Assignment | Copy the lines below exactly, starting at the one with "Kurzurlaub im Winter" and ending at the one with "Dalam kesempatan tersebut, juga", and leave out any picture.

Records for processing |

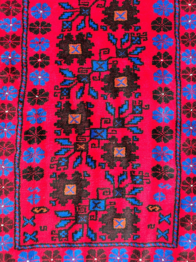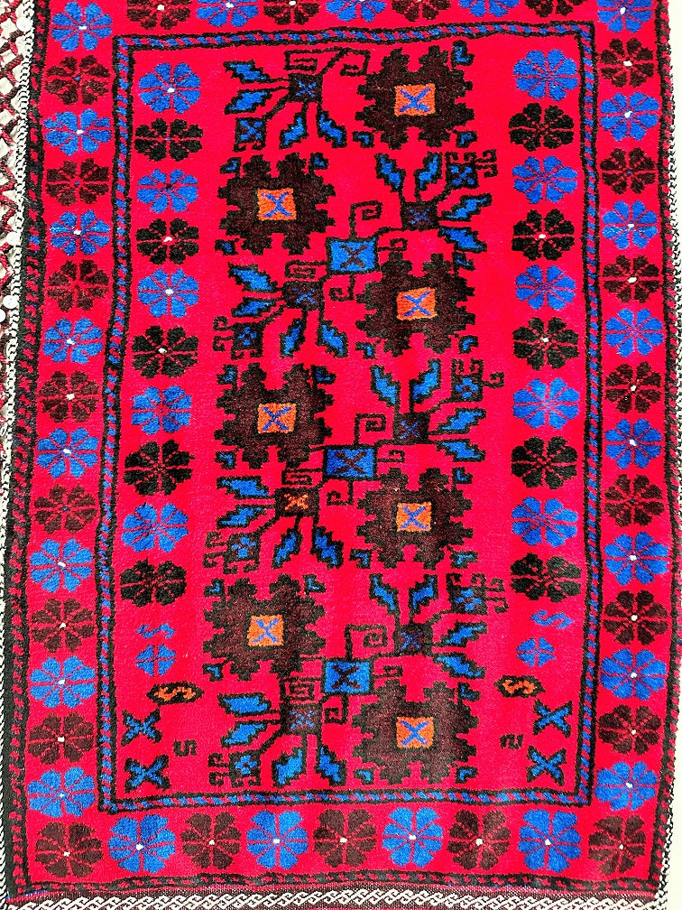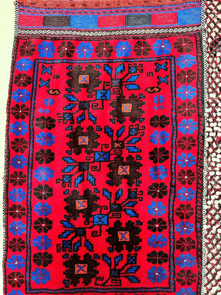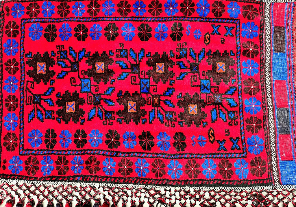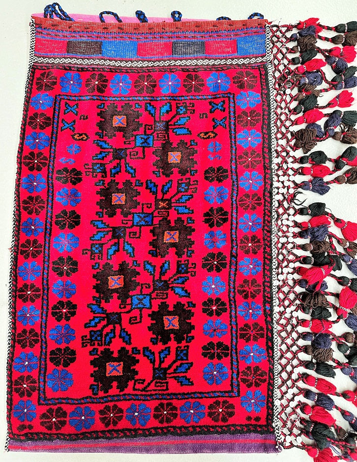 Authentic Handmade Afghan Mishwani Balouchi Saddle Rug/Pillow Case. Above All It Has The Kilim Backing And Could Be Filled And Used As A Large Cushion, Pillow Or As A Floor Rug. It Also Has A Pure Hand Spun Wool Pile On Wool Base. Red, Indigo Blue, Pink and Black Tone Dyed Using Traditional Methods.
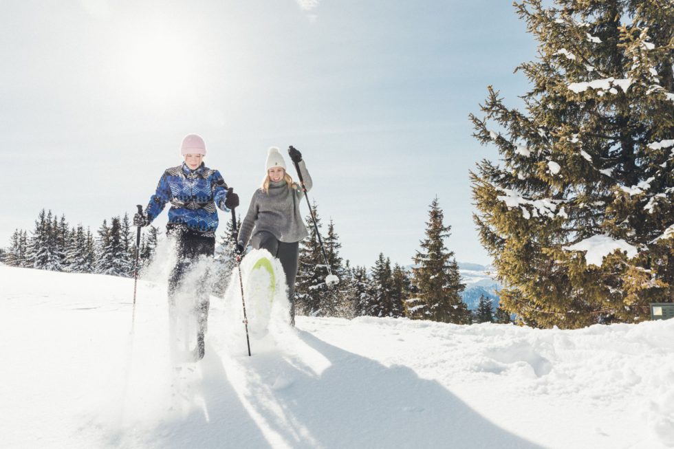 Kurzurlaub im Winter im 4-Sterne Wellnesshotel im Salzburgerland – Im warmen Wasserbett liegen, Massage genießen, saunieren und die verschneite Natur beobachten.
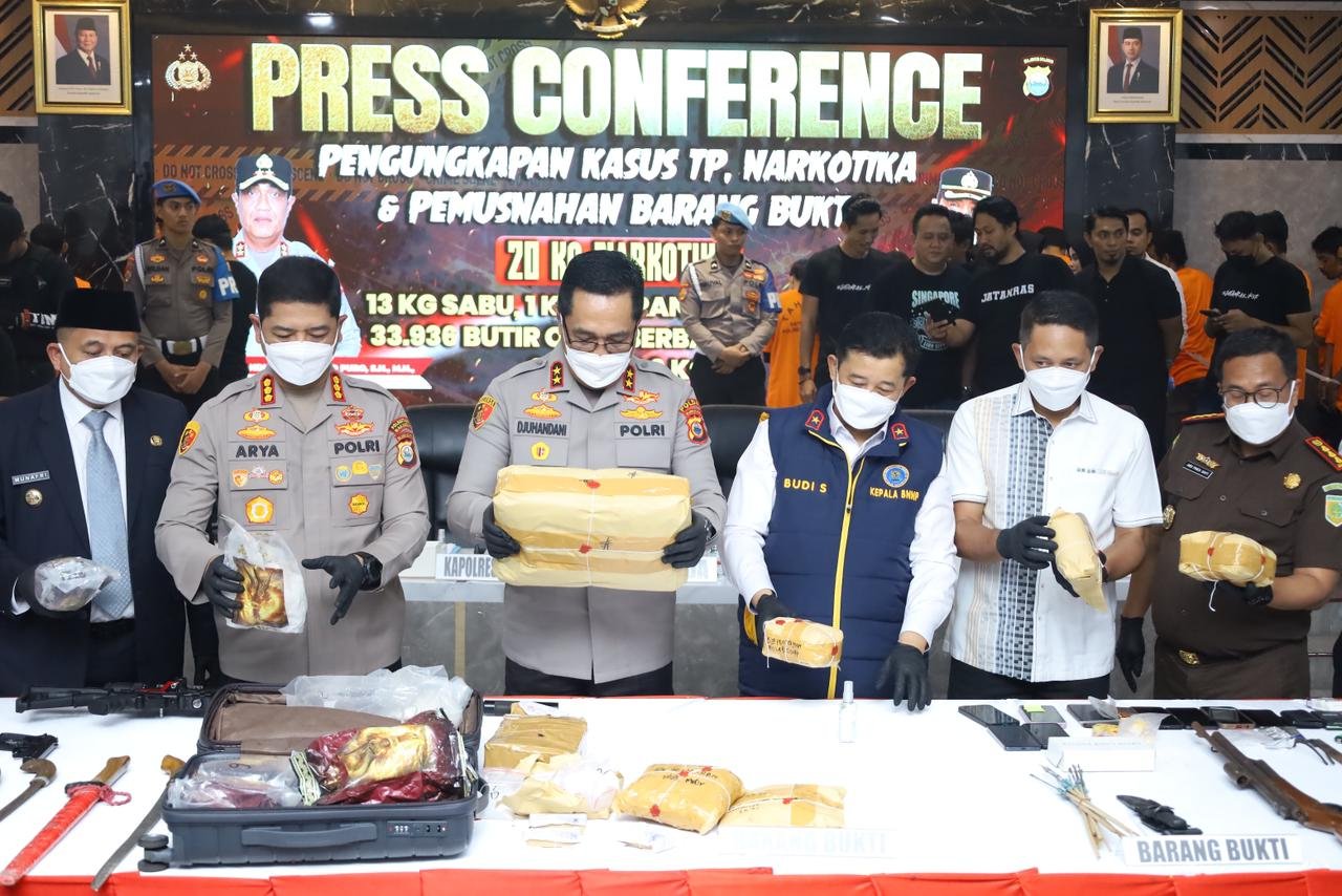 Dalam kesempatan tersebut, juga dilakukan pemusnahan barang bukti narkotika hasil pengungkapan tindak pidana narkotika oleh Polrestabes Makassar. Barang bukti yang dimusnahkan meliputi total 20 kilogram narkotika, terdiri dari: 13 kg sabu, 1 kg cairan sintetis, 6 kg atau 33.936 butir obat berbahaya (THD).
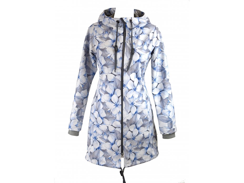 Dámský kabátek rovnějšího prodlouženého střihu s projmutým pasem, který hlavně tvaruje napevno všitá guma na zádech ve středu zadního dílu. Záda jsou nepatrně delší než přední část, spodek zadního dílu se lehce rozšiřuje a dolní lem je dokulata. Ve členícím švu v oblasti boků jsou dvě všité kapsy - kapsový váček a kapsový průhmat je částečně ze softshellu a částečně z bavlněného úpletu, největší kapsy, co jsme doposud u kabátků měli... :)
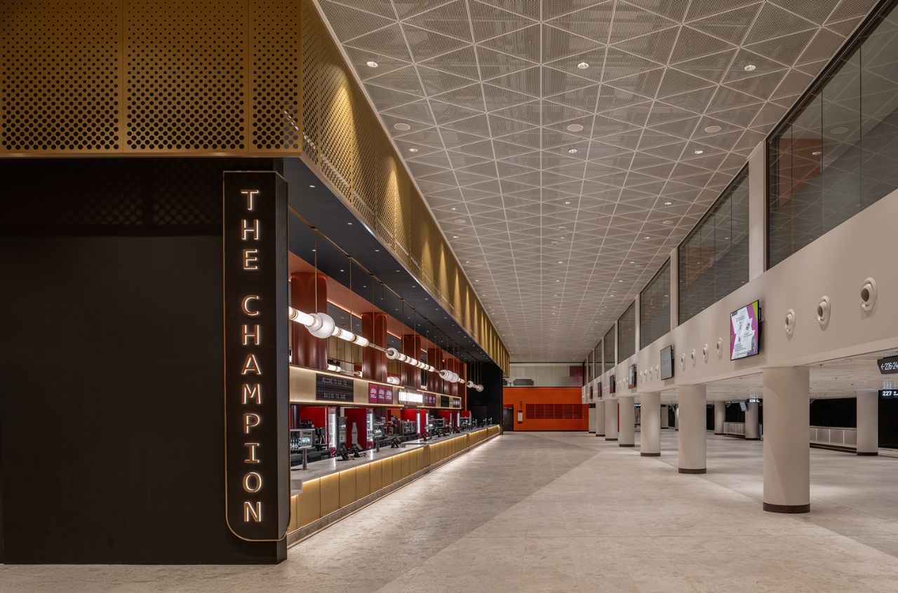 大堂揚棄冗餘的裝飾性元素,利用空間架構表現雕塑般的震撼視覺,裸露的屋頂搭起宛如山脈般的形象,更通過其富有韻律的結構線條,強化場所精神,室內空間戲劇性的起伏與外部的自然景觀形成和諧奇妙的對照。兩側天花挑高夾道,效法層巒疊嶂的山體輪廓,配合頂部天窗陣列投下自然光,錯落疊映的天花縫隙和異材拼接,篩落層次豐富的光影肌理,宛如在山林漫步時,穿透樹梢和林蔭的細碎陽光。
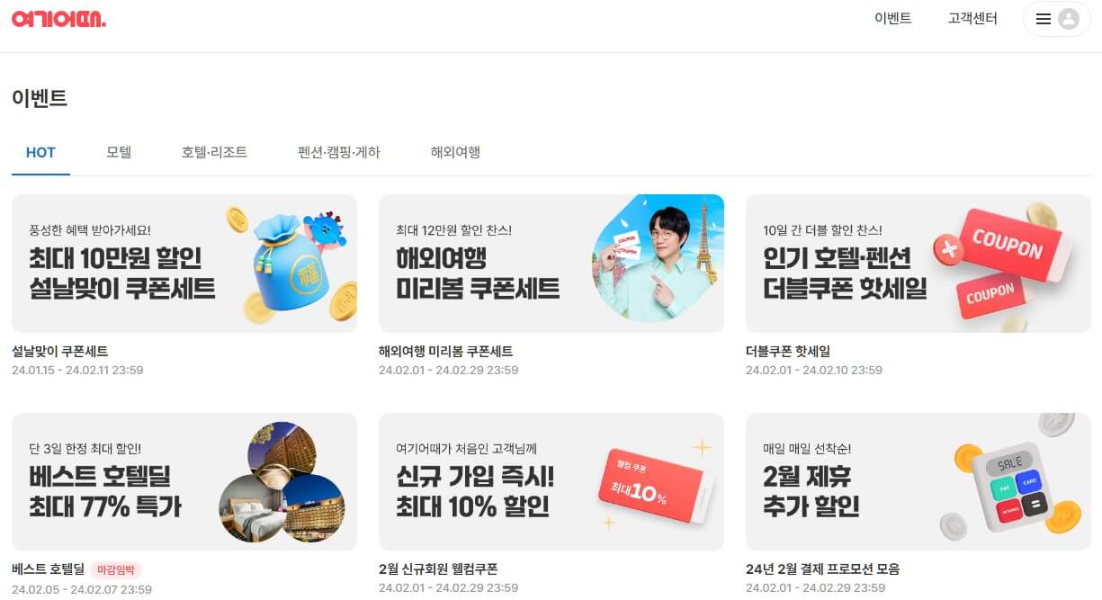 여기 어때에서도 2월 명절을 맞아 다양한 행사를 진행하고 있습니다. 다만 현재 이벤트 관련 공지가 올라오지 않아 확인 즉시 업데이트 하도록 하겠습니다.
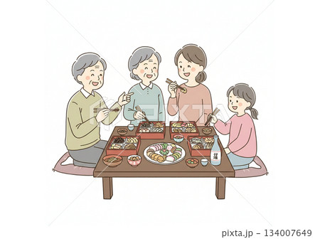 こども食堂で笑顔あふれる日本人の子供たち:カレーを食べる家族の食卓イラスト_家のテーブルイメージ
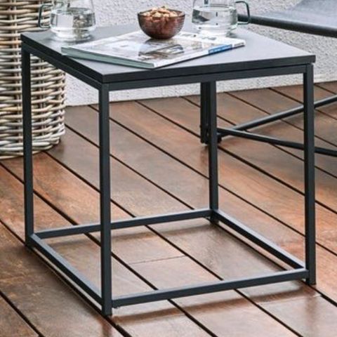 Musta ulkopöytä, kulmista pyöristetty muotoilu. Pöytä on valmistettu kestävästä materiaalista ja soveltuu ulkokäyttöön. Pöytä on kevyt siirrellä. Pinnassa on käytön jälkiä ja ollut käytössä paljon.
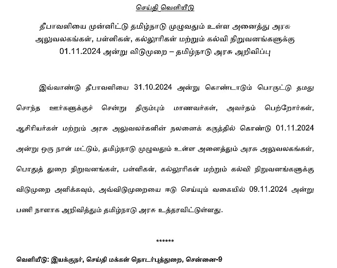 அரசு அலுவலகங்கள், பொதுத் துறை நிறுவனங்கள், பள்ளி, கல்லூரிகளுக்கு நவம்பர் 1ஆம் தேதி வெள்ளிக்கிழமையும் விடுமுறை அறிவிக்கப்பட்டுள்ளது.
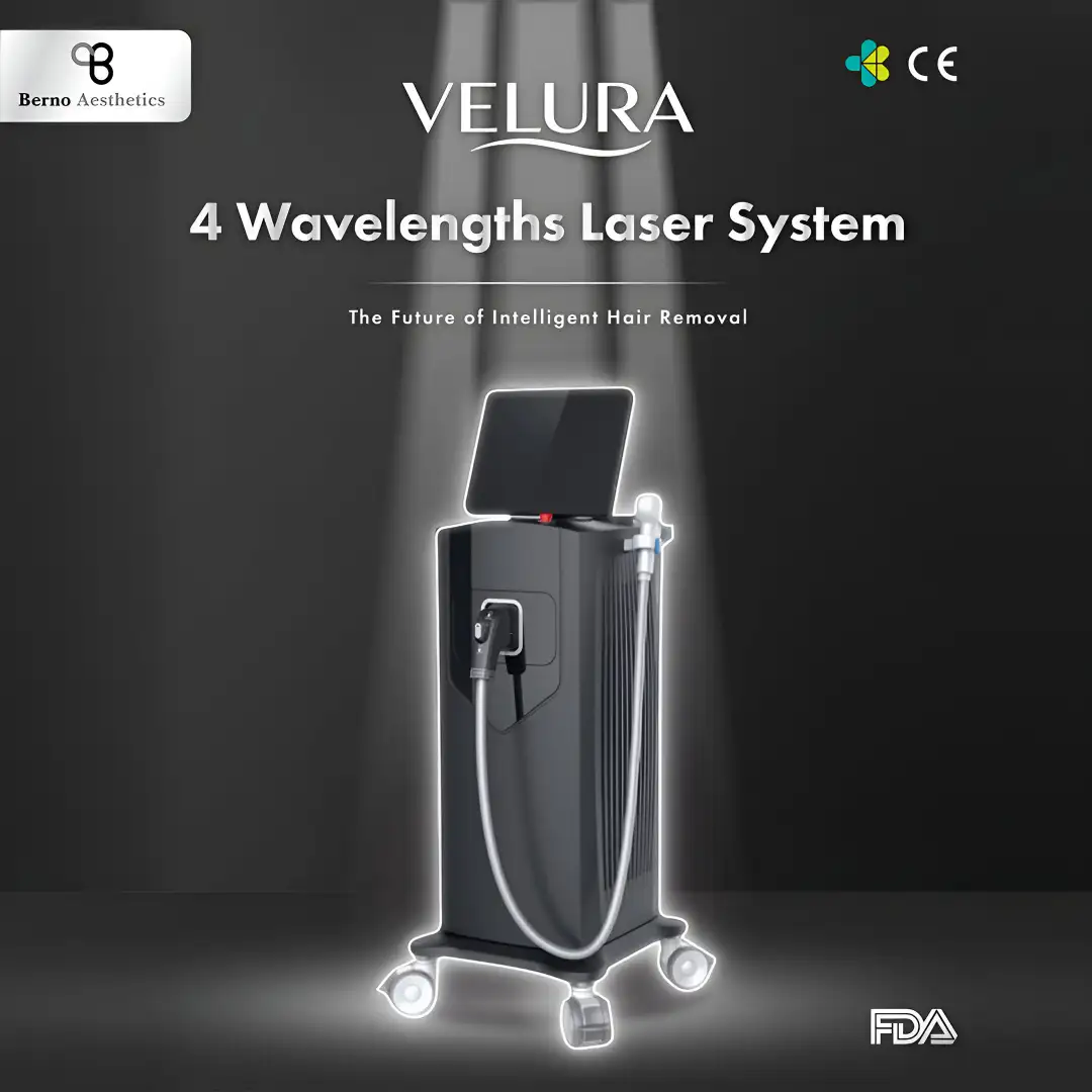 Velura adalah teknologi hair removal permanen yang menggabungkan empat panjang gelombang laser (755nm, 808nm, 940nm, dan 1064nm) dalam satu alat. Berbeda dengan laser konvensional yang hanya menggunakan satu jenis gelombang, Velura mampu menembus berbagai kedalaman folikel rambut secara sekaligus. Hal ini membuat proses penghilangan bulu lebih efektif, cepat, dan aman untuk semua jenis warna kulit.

Answer space |
 Kurzurlaub im Winter im 4-Sterne Wellnesshotel im Salzburgerland – Im warmen Wasserbett liegen, Massage genießen, saunieren und die verschneite Natur beobachten.
 Dalam kesempatan tersebut, juga dilakukan pemusnahan barang bukti narkotika hasil pengungkapan tindak pidana narkotika oleh Polrestabes Makassar. Barang bukti yang dimusnahkan meliputi total 20 kilogram narkotika, terdiri dari: 13 kg sabu, 1 kg cairan sintetis, 6 kg atau 33.936 butir obat berbahaya (THD).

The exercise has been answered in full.